Looking ahead, Wynne sees a couple of trends that make him concerned. First, as N.C. State has become more selective, rural students are having a more difficult time getting in. That could mean fewer well-trained farmers, agribusiness professionals and agricultural scientists at a time when exploding world population growth, expected to reach 9 billion by 2050, will demand more from agriculture.

“Having a growing world population means we have in North Carolina an opportunity for markets all across the world,” he says. “Of course, that opens big issues. How do we increase yields to feed this population? And at the same time, how are we going to protect the environment?

“These are the issues that our College should help provide the answers to.”

The second trend that causes concern for Wynne relates to the ability of land-grant colleges to address these types of issues – ones that affect all people. Land-grants rely on public funding to fulfill their teaching, research and extension missions, and that funding depends on public support. And today, Wynne says, “a lot of people have the attitude that higher education is a private benefit and, therefore, the individual should pay for it through higher tuition and fees.”

And less public support will mean that more students – students like him, whose parents lack the money to pay fully those tuition and fees – won’t be able to attend colleges, even those colleges that were created expressly for them.

“Land-grant universities were established to support the citizens of the state and to help them address the problems and issues that they face,” he says. “Maybe I’m old-fashioned, but it’s been very important to me.

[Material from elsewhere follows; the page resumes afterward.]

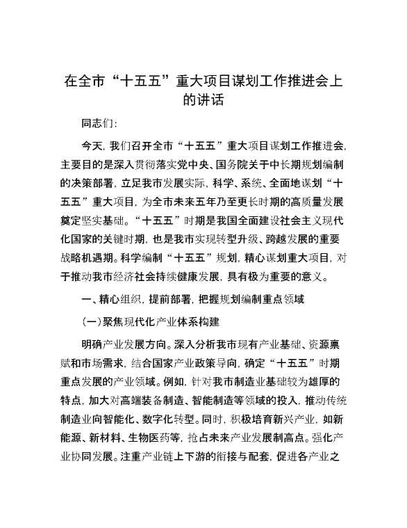 在全市 “十五五” 重大项目谋划工作推进会上的讲话 2024-12-09 Word模板 91 购买前,请一定要先点击这里看看,欢迎持续关注,精彩模板每天推送 预览结束,本文件为word文档,一共11页,共5189字,请购买后,下载后查看 购买前,请一定要先点击这里看看,欢迎持续关注,精彩模板每天推送 资源下载下载价格29 RMBVIP免费升级VIP点击检测网盘有效后购买有任何充值和下载问题请加微信:xuexixuexi66 0 演讲发言
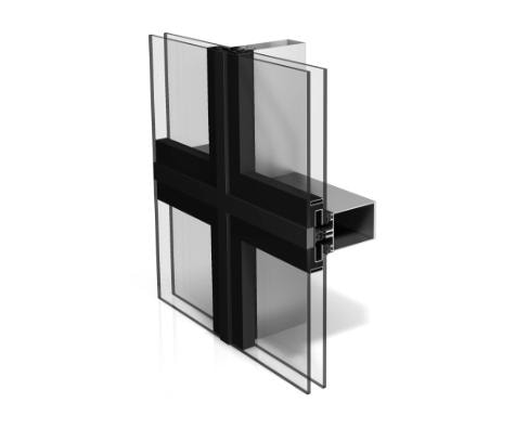 Sur le plan technique, ce mur-rideau de type VEC fait appel à une mécanique cachée des éléments verriers. Grâce à l’intégration d’un profil en “U” dans le joint silicone (23 mm) du vitrage, double ou triple, de type Structurel (SG Structural Glazing). Les fixations de type “clameau” sont dissimulées et positionnées dans la structure montants/traverses, verrouillant l’ensemble par un simple quart de tour. Le cordon silicone permet une finition lisse de la façade et contribue à la rigidité du mur-rideau.

It’s the only reason I got an education, and I think it’s still important to our citizens.”

“I’m a product of the land-grant system” is how he puts it. “But,” he adds, “I’ve also seen other evidence my whole career of the value of the land-grant system.”

Dean Johnny C. Wynne
"N.C. State has been very good to me," says Wynne, as he heads into retirement.

Wynne speaks with certainty about that value. But when it comes to himself and his future, he speaks with less assurance. Once again, Wynne finds himself at a crossroads. He says he has a lengthy honey-do list, but beyond that he hasn’t made plans. A father of four – all of whom have gone to N.C. State – he hopes to spend more time with his children and the rest of his family.

“I don’t have to work, I don’t think, but I don’t know. We’ll just see,” he says. “What I do know is that I’ve enjoyed working at N.C. State. It’s been very good to me.”